I don’t mean to suggest writing code and implementing anything but more to propose the above thought experiment as a possible alternative computational model for the distant future. E.g., we have new GPUs coming that have up to 144 streaming multiprocessors with 128 cores per streaming multiprocessor. A 8 GPU server should be able to sample as many as 144 * 8 simultaneous chains very easily. From that perspective M can be huge in the distant future (lets say in 10 years time).

Guarantees for behavior in these settings are notoriously difficult to work out, and then even more challenging to implement robustly. The key issue is that one would have to work out the general, non-equilibrium behavior of the stopping criteria which will not only depend intimately on the sampler and its target distribution but also the precise initialization and any ongoing adaptation. False negatives are not so problematic – at worst a small decrease in computational efficiency – but false positives – stopping a Markov chain early – are deadly for the behavior of any corresponding estimators.

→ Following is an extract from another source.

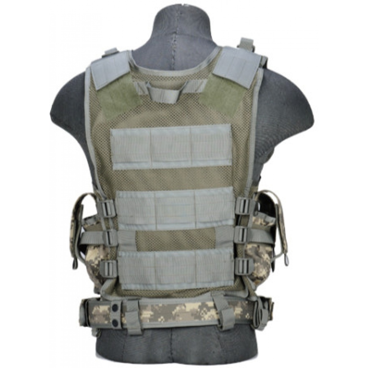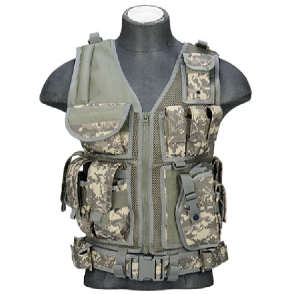 Lancer Tactical Airsoft Cross Draw Combat Vest w/ Holster - ACU

Yeah, that makes sense. I am (perhaps naively) much more optimistic about the implementation than the conceptual aspects. I use TensorFlow extensively. In it almost all the heavy lifting is handled by the distribution strategy. I would imagine that in the coming years, what we want to do can be done by leveraging some modern ML framework to make the code platform and hardware independent. The conceptual point of when to stop, as you point out, is much harder to work out.